I’m trying to imagine being 18 and listening to Ten for the first time like I did when I was 18 when it came out in 1991.  I can’t.  I can only imagine listening to Pink Floyd’s Dark Side Of The Moon, which I must have heard as an album for the first time somewhere around that time.  That album, which would also be 18 years old at that time, as Ten is today, didn’t feel like an epic to me yet but a bunch of well-worn songs that I was already well-familiar with, songs that had been saturated into culture by radio and TV.  I imagine that the songs of Ten may feel that way to many younger listeners today.  The album, as a whole, may lack the impact it had on us when it struck in August of 1991.  Time has embedded many of these songs into our collective soundtrack of the 90s.

When Pearl Jam appeared on the scene, like the other big names that came to represent grunge, they seemed so drastically different.  Listening to the album with fresh ears it’s a little harder to hear why this was so shocking.  Today, the music on Ten sounds like what it is – less showy hard rock.  The solos that many decried grunge for doing away with are still there in abundance, they’re just not as technical – they’re simply emotive.  The lyrics are still filled with the kind of thing everyone latches onto – angst, mainly, feeling lost in the world, etc.  Classic stuff.  Maybe it just seemed so different to us 18 year olds who had been listening to, and grown tired of, the Warrants of the music world  snickering about “Cherry Pie” for the past few years.  The stuff of Pearl Jam’s lyrics is the stuff of most of classic rock’s lyrics.

If anything, it was the sound that dated the album to a specific time, something made obvious after the band settled into a style with their next couple of albums which was so strikingly different than that of Ten‘s glossy sound.  The band was obviously dissatisfied, too, calling in producer Brendan O’Brien to remix several tracks for the rearviewmirror compilation, which seemed to point the way to disc two of this year’s Ten reissue, named Ten Redux and completely remixed by O’Brien.  And what we get here is a sort of middle-ground that changes the album as we knew it but isn’t really all that different, either.  Gone is the de rigueur late 80s/early 90s reverb that drenched the vocals and especially the drums, but obviously still present is the structure of the songs that makes it still feel related to the period – big guitar solos and big, soaring choruses that we never quite heard again in their catalog.  It was Pearl Jam filtered through the hard rock of the time then, and it still is now – there’s no remixing that can change that.  And that’s a good thing.

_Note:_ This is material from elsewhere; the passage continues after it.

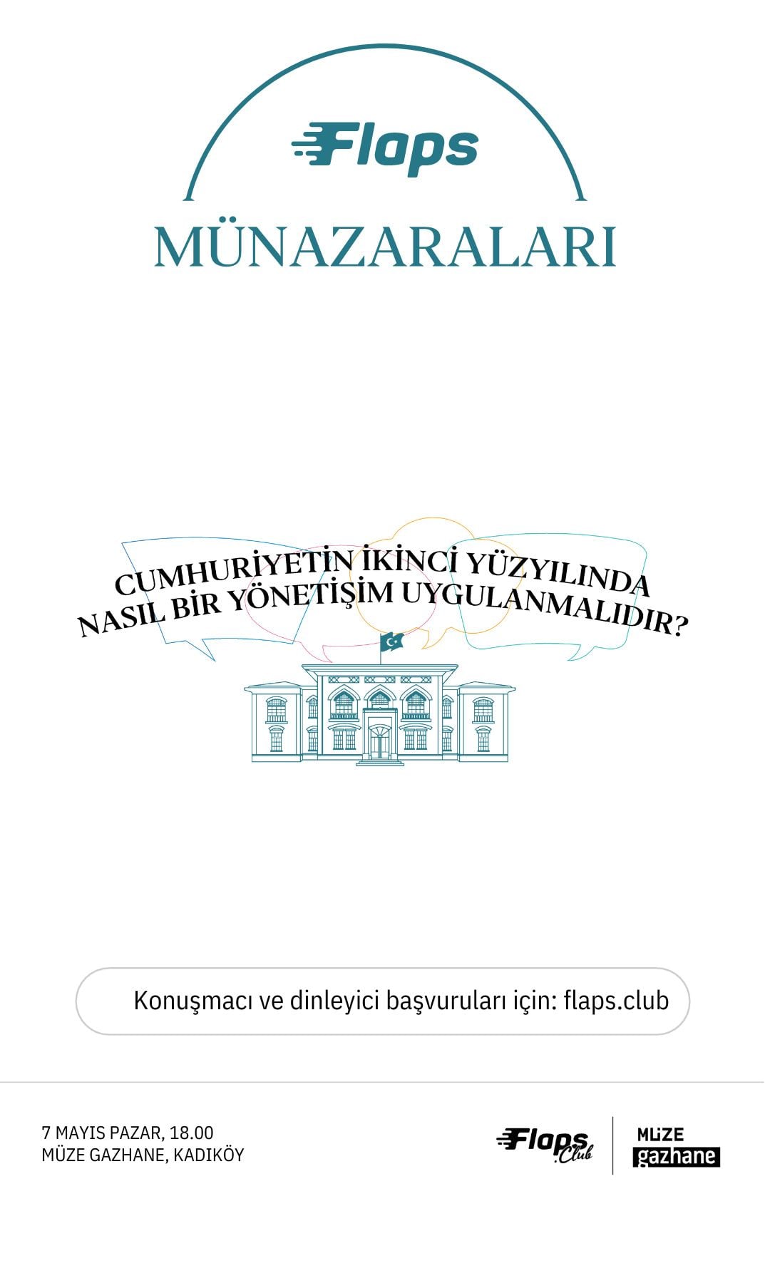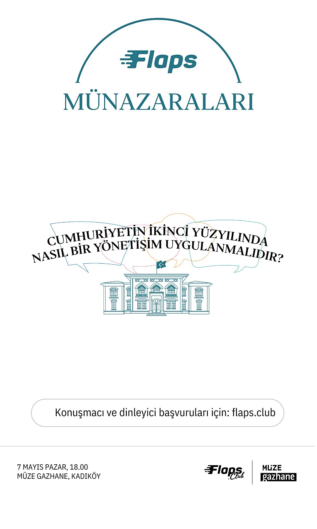 Flaps Club olarak, 2023 seçimlerinin hemen öncesinde kamu yönetimi ve siyaset biliminin temel gündemini Flaps Münazaraları'nda masaya yatırıyoruz. 7 Mayıs Pazar akşamı saat 18'de başlayacak etkinliğimizde, Müze Gazhane T Atölye'de “Cumhuriyetin ikinci yüzyılında nasıl bir yönetişim uygulanmalıdır?” sorusunu ele alacağız.

For a celebration of this game-changing album, it seems strange that some of the pieces are missing.  In the deluxe, 3-disc edition, you get the original album remastered on the first disc, the remixed Ten Redux on disc 2 along with a handful of demos, and the famous MTV Unplugged session on DVD (at long last.)  But what is missing are some tracks to be found elsewhere, plus a couple just plain missing.   Sure, we get “Brother” in finished form, complete with vocals, and it’s great, but we only get demos of “Breath And A Scream” and “State Of Love And Trust” rather than the originals from the Singles soundtrack.  Where are “Footsteps,” “Wash,” “Dirty Frank,” and most notably, “Yellow Ledbetter”?  Oh, they’re on Lost Dogs.  They should be here, where they belong.  They can be on Lost Dogs, too, but Ten should be complete with all of the various b-sides that went along with it, such as the live versions of “Alive,” “Why Go,” and “Deep,” the “Oceans” remix, and their cover of the Beatles’ “I’ve Got A Feeling” – all now in catalog limbo, all of which would likely have fit on the two discs.

Instead we get a mixed selection of demos, from  “Breath And A Scream” and the great, rollicking power of “State Of Love And Trust,” which finds the band hollering their approval at the end (and I agree,) to complete wastes of time like the sloppy “2000 Mile Blues,” which has me asking, “Must every band play the blues at some point, no matter how ill-advised?”  You’ll never listen to this again, nor joke song “Evil Little Goat,” and neither add anything to the Ten story.

More interesting, if not a great song, is “Just A Girl,” which finds the band working on what would one day become “Even Flow.”  Ignoring the obviously different lyrics, it’s fascinating to hear how the band was influenced by the hard rock of the time and how it simply didn’t fit them – they had yet to slip into something that really suited them.  But elements of Seattle are all around the song – their origins in Mother Love Bone are clearly evident, but that foundation is giving way quickly.

What the Ten set today presents us with is a revised Ten that misses a great opportunity to wrap up everything that fans really wanted.  In the end, that’s what is going to be remembered about this.  The remix will go appreciated for stripping away some of the detrimental effects of the style of the time, but most fans will look back and wish the label had packed in all of the material they remembered and loved from the time – the songs on the singles that were just as important as the great album itself.  The album has set itself in stone and there is no budging it, there’s no denying that.  It’s unfortunate that it can’t be said that this is the absolute ultimate version of that album.